AB2257 carves out an exception to the law for freelance writers, as well as performers, musicians, translators and workers in several other categories. But according to employment lawyer Richard Reibstein, in his JD Supra analysis, “the new law only tweaks AB5 and is essentially unchanged in any meaningful way for the overwhelming number of companies and freelancers doing business in California.”
The AB5 law was authored by San Diego-area state Assemblymember Lorena Gonzalez, who explained the law as a direct response to a state Supreme Court decision, Dynamex Operations West v. Superior Court of Los Angeles, which ruled that truckers working as “independent contractors” for a shipping company must be reclassified as employees.
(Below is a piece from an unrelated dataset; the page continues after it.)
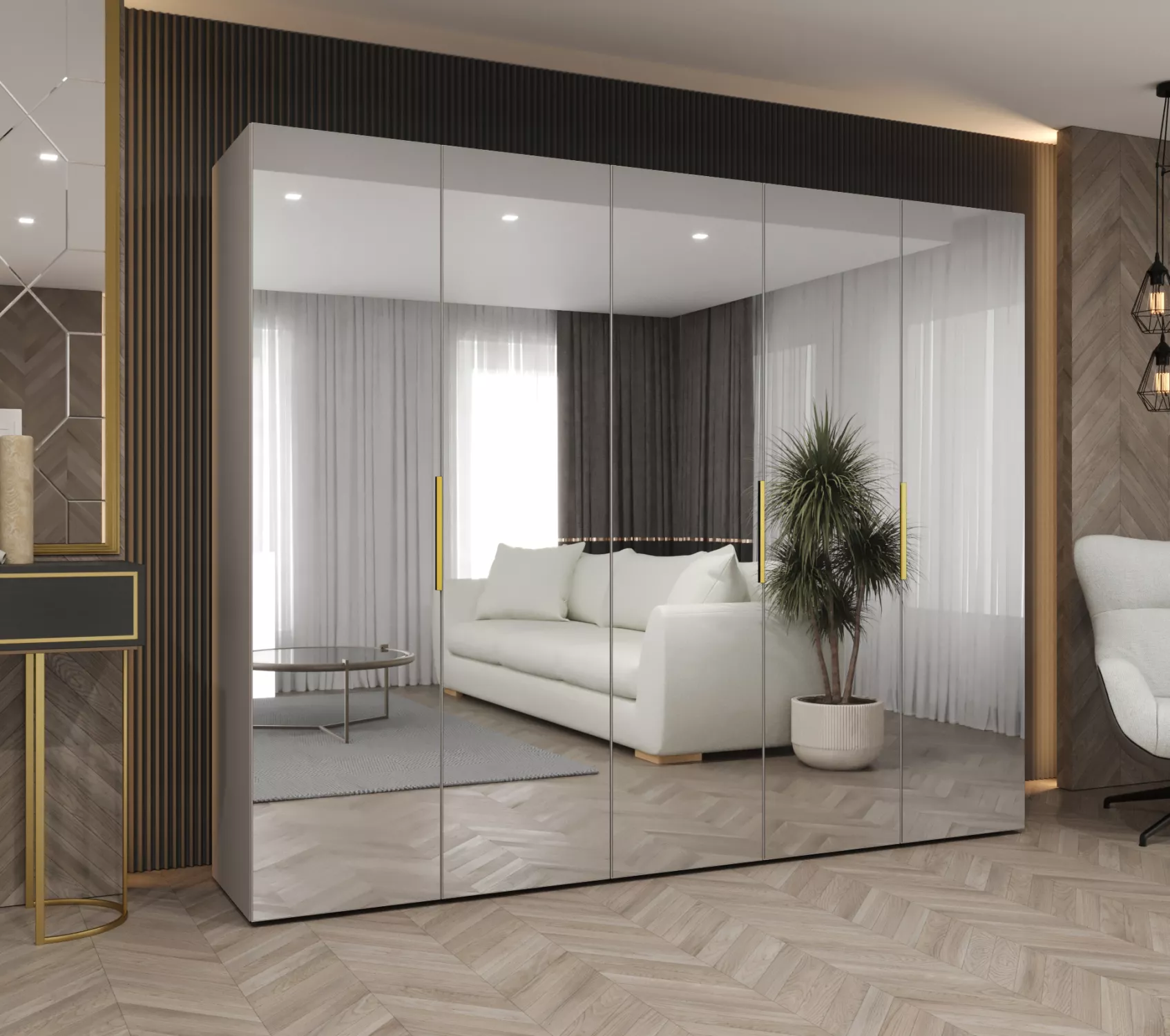 Zrcadlová šatní skříň 250 cm RABIA - kašmírová / zlatá

“AB5 narrowed the Dynamex decision’s impact; it did not broaden the decision,” Gonzalez claimed, in a response to critics of the law.
But Reibstein, a partner in the law firm Locke Lord LLP, and former attorney with the U.S. Department of Labor and the National Labor Relations Board, says that in reality, AB5 did quite the opposite.
“AB5 dramatically expanded upon the application of the 2018 Dynamex decision by the California Supreme Court,” Reibstein wrote. “The decision in Dynamex was limited to so-called ‘wage order’ claims and did not apply across-the-board to all types of independent contractor claims in California including overtime and expense reimbursement claims. AB5 changed all that.”
In addition to 50 industries that were exempted from the strict “ABC Test” by AB5, AB2257 adds 15 more. But Reibstein says those exemptions are arbitrary, creating the impression that the law favors certain types of work — for reasons that remain mysterious.
“There is no rhyme or reason why independent contractors in 65 specific industries are eligible for an exemption from the ABC test, yet contractors engaged in providing services in hundreds of other industries are not,” according to Reibstein. “This type of legislation lends credence to the belief that AB2257 unfairly favors some industries, thereby provoking outrage and a feeling that certain professions, trades, and occupations were unjustifiably overlooked.”
As AVN reported, AB2257 does not mention the adult industry, though it does provide an exemption for “performance artists,” with several conditions — leaving the status of adult performers and other “gig” workers in the industry in a state of confusion.